Jeremy Gardner first appeared on everybody’s radar as director, writer and star of The Battery (2012), a highly enjoyable variant on the zombie film told in terms of a bromance. That gained Gardner a reasonable profile and he has made acting appearance in films for other directors with the likes of The Mind’s Eye (2015) and Bliss (2019) for Joe Begos, Mickey Keating’s Psychopaths (2017) and Off Season (2021), Fingers (2019) and Sadistic Intentions (2019). After The Battery, Gardner next went on to direct/write/star in Tex Montana will Survive (2015), a parody of wilderness survival reality tv shows, before returning to genre material here.

This time Gardner co-directs with Christian Stella who was cinematographer on The Battery and co-director/cinematographer on Tex Montana. The film is also produced by Justin Benson and Aaron Moorhead, the duo who co-directed Resolution (2016), Spring (2014) and The Endless (2017), while Benson plays the part of the local law enforcement, Gardner’s friend Shane.
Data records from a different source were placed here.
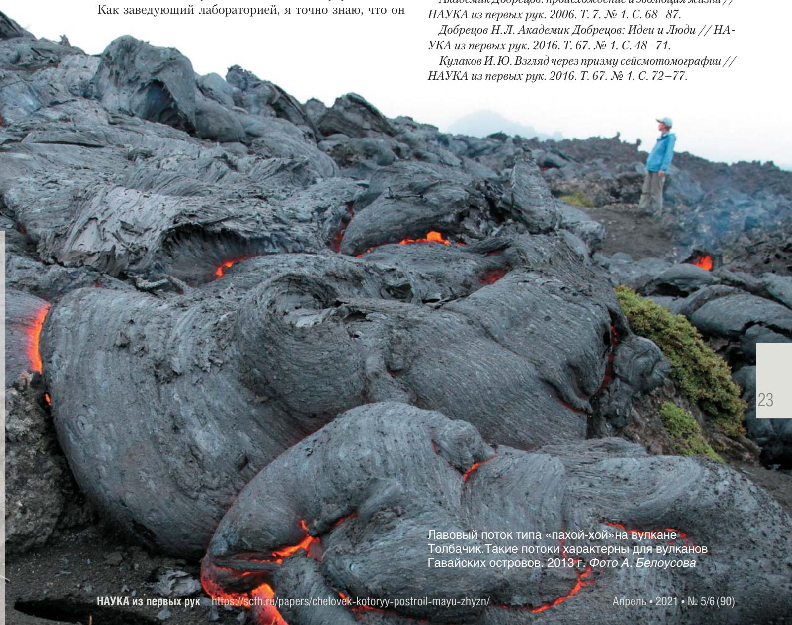
Лавовый поток типа «пахой-хой» на вулкане Толбачик. Такие потоки характерны для вулканов Гавайских островов. 2013 г.

Кулаков И.Ю. Взгляд через призму сейсмотомографии // НАУКА из первых рук. 2016. Т. 67. № 1. С. 72–77.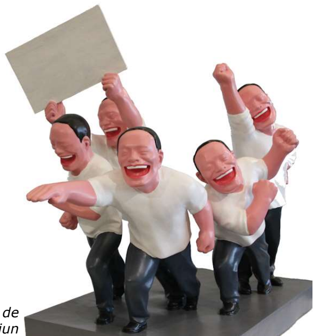
Een kunstwerk van de Chinese kunstenaar Yue Minjun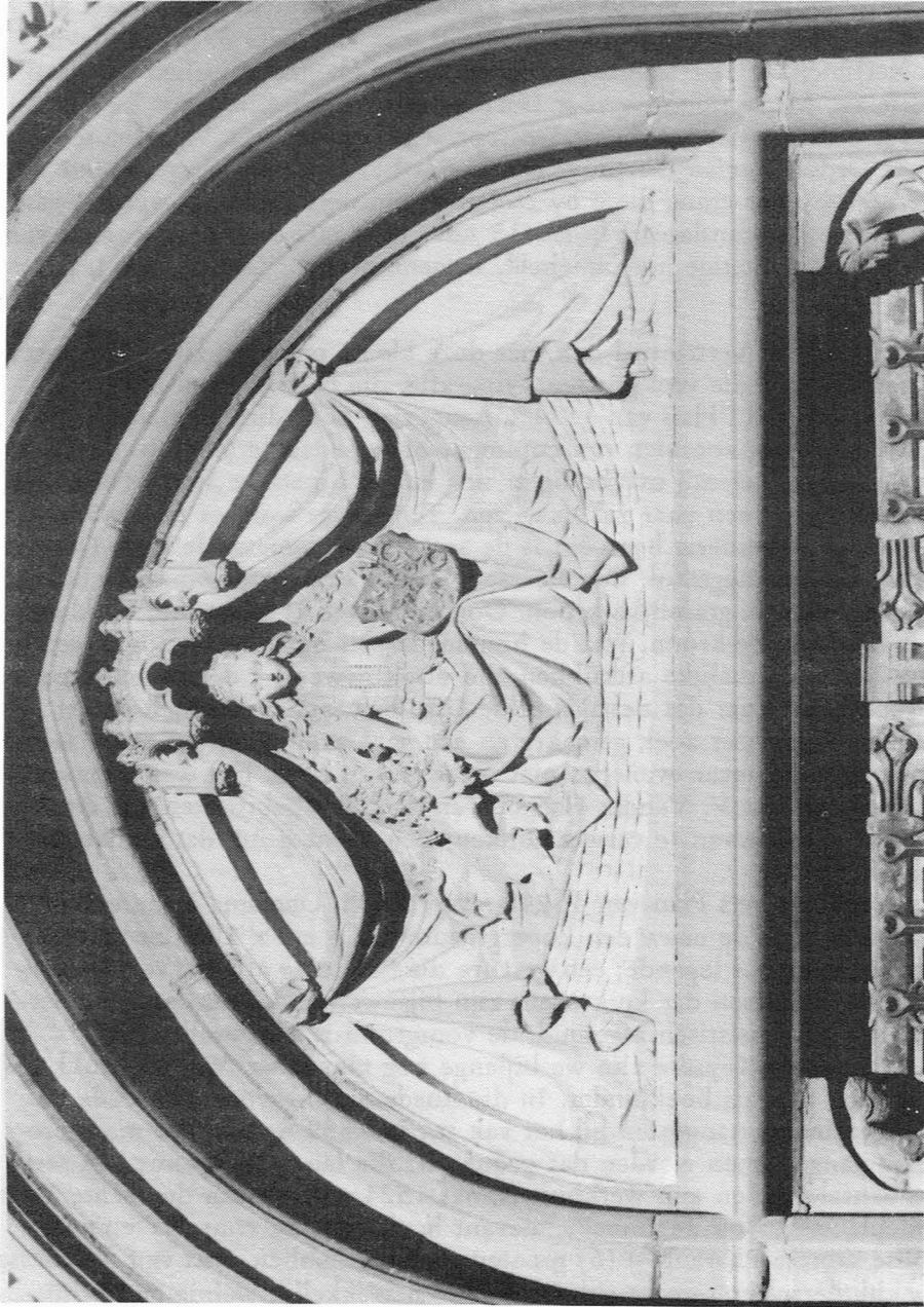
Postgebouw : De Maagd van Gent.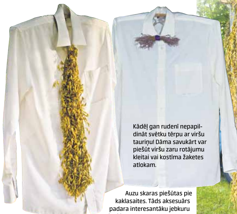
Kādēļ gan rudenī nepapildināt svētku tērpu ar viršu tauriņu! Dāma savukārt var piešūt viršu zaru rotājumu kleitai vai kostīma žaketes atlokam.

Gardner had earlier played a supporting part in Spring.

As in The Battery, Jeremy Gardner has a directorial style that is very improvisational in nature. You are immediately drawn into the film in the opening scenes with Gardner and Brea Grant getting together and their romance amid talk of ‘peanut noir’ wine. It is directed and performed in a way that creates a sense of intimacy between the characters that seems totally natural and non-forced, quite different to regular scripted scenes in other such films. The scene-stealer of the show gets to be Henry Zebrowski as Gardner’s best friend who has some hilarious scenes drinking the beer spill at the bar and delivering seemingly improvised monologues about escaped panthers and aliens.
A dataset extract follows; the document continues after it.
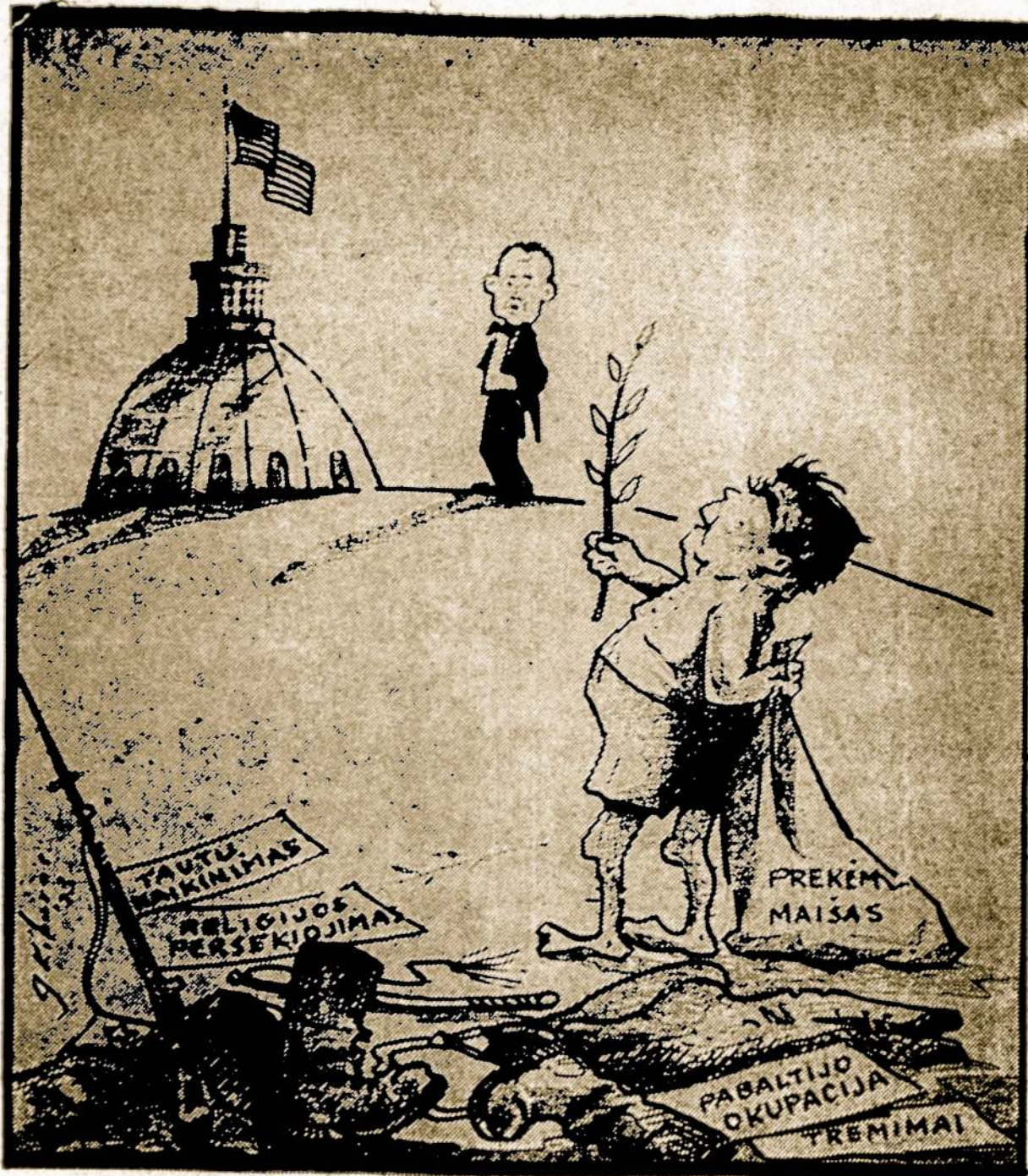
Apnuogintas tautų pavergėjo Brežnevo vizitas Washingtone

Turimus lėktuvus sumoderino ir pritaikė paskutinių laikų reikalavimams, Izraelyje vykdoma milžini-

Hank (director/writer Jeremy Gardner) awaits the monster in After Midnight (2019)
Hank (director/writer Jeremy Gardner) awaits the monster

In between his improvisations, Jeremy Gardner directs some great scenes. Much of the film is set up to make us think that Gardner’s character may be imagining things and that any notion of a monster is possibly all in his collapsing mental state after Brea Grant left. At most we see the hands of something trying to claw its way through a shotgun blast hole in the door. However, in mid-film there is a great scene where Gardner races off into the night shooting at what he thinks is the monster – and maybe killing the cat. It is pitch-black night outside where the only light comes in the momentary flashes as he fires the gun. Abruptly in one of these flashes, we see something non-human there. It is so brief that we are not entirely sure if we imagined it or not – the perfect example of creating something by suggestion and not putting everything upfront for an audience.
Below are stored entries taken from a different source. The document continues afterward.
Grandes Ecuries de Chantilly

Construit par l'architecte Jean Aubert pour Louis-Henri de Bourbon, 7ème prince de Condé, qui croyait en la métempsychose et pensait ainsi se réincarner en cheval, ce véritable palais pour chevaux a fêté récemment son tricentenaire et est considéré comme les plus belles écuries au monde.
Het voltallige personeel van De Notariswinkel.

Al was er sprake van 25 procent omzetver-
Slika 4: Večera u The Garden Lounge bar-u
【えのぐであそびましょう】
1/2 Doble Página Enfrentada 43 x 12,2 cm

One of the best scenes in the film is the one that comes after Brea Grant returns. It has nothing to do with monsters. It is just a two-shot focused on Jeremy Gardner and Brea Grant sitting in the open doorway waiting for the monster – a single take that goes on for some 12 minutes that ranges between his jealousy and upset to her explanation for where she has been, which opens up into a penetrating analysis of their relationship. The writing and rawness of emotion and feelings of lost dreams that comes through is absolutely gripping.

And then of course there are the final scenes, which quite make the film. This is a film where you are better going into it knowing as little about what is in store as possible other than for me to urge you to see it. The ending it reaches is absolutely perfect and hilarious in its unexpectedness – a real jerk the carpet out surprise. And the final coda to the scene is like the cherry on top of the cake.

After Midnight should not be confused with the earlier modest horror anthology film After Midnight (1989).